Veronica Fall, climate Extension specialist with the University of Illinois and a member of the Sea Grant team, says changing and variable lake levels are two of the main threats climate change poses to Lake Michigan and other Great Lakes. Data over the past few years show record high lake levels and an unprecedented rate of increase. While the highest-ever lake level on Lake Michigan was achieved in 1986, levels in the lake continue to set monthly highs at a rate previously unseen. The severe and visible effects include erosion around the lake and its basin, as well as extensive flooding.
“We are seeing erosion along the coastline in the winter months because of rising temperatures,” Fall says. “When ice covers the lake, it keeps things in place and protects the shoreline from winds and waves. With rising temperatures, there is less ice, which means the shorelines get battered.”
Documenting these effects and sharing findings with communities is a key part of Fall’s job as an Extension specialist. Her role is less about convincing people climate change is real and more about preparing them for the difficult environmental and economic choices they will have to make in the coming decades as climate change extracts its toll on waterfront communities.
Some of the individuals and communities that will be most impacted by climate change are those that Fall and Zischke work with every day. Charter boat operators rely on a healthy fish population to sustain their clientele.
- Every state bordering a Great Lake has a Sea Grant program, which focuses on education, research and Extension about Great Lakes ecosystems. The Illinois–Indiana Sea Grant concentrates on Lake Michigan, and is currently administered by Purdue University, led by Professor Tomas Höök.
- Its weather buoys monitor conditions on the lake for recreation and commerce, to track weather and climate patterns, and as a teaching tool.

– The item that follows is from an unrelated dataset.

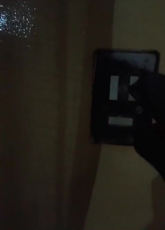 A person is turning off a light switch
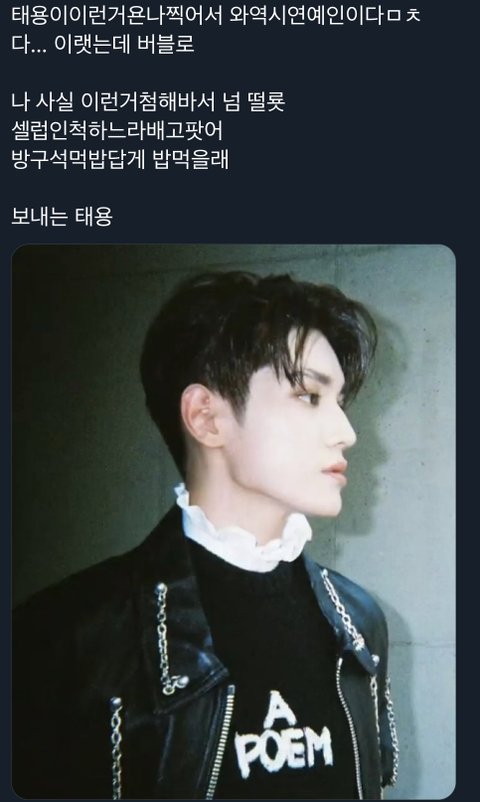 ㅠㅠ 밖에서 일하고 버블로 팬들한테 사실 떨렸엉 하는것듀 ㅠㅠ 밥은 마싯게 먹었냐 태용아

- Sea Grant–funded researchers and Extension specialists examine key threats to Lake Michigan and the Great Lakes as a whole to better protect and preserve them. Threats include:
- Invasive species, which can prey on native species, filter out important nutrients and clog water intakes.
- Sedimentation of rocky areas that prevents fish from spawning and nutrient runoff that can create harmful algal blooms and hypoxic dead zones.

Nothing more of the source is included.